**TASK INSTRUCTIONS**
Nothing but the lines below from the one that contains "jouw unieke haarstructuur." through the one that contains "圖4綠色激發(fā)光來焦到EMMC BGA169封裝的電極點陣的顯微照片" should be retyped, exactly and including both ends. Do not include pictures.

**TASK DATA**
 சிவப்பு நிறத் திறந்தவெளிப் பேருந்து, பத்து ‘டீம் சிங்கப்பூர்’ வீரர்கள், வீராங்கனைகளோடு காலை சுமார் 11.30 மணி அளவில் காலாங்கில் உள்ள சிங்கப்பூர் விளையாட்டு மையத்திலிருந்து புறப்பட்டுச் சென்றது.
---
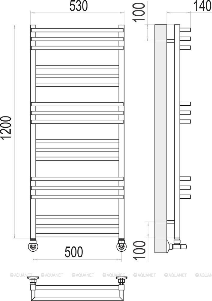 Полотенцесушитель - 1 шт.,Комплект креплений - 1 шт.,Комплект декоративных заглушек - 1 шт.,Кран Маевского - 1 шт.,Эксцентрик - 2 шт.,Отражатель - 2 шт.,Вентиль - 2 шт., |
* * *
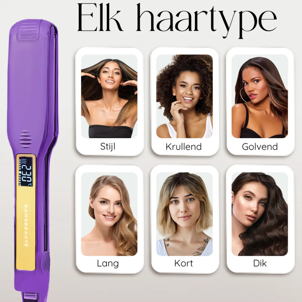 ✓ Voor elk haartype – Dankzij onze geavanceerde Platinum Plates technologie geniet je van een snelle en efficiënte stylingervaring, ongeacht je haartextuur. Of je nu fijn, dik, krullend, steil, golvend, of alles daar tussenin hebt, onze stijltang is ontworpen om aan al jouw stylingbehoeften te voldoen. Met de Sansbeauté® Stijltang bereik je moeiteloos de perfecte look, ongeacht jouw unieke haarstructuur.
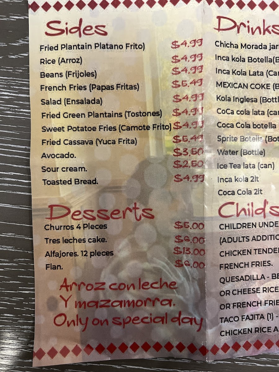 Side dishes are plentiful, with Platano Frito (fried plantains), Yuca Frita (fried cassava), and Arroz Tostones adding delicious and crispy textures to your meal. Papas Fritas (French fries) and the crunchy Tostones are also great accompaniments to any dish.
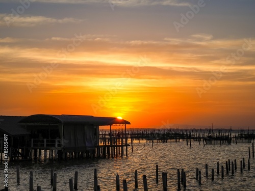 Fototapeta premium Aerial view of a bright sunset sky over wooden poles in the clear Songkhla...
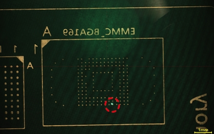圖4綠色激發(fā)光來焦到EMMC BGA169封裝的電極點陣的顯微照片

**SOLUTION TO THIS EXERCISE**
 ✓ Voor elk haartype – Dankzij onze geavanceerde Platinum Plates technologie geniet je van een snelle en efficiënte stylingervaring, ongeacht je haartextuur. Of je nu fijn, dik, krullend, steil, golvend, of alles daar tussenin hebt, onze stijltang is ontworpen om aan al jouw stylingbehoeften te voldoen. Met de Sansbeauté® Stijltang bereik je moeiteloos de perfecte look, ongeacht jouw unieke haarstructuur.
 Side dishes are plentiful, with Platano Frito (fried plantains), Yuca Frita (fried cassava), and Arroz Tostones adding delicious and crispy textures to your meal. Papas Fritas (French fries) and the crunchy Tostones are also great accompaniments to any dish.
 Fototapeta premium Aerial view of a bright sunset sky over wooden poles in the clear Songkhla...
圖4綠色激發(fā)光來焦到EMMC BGA169封裝的電極點陣的顯微照片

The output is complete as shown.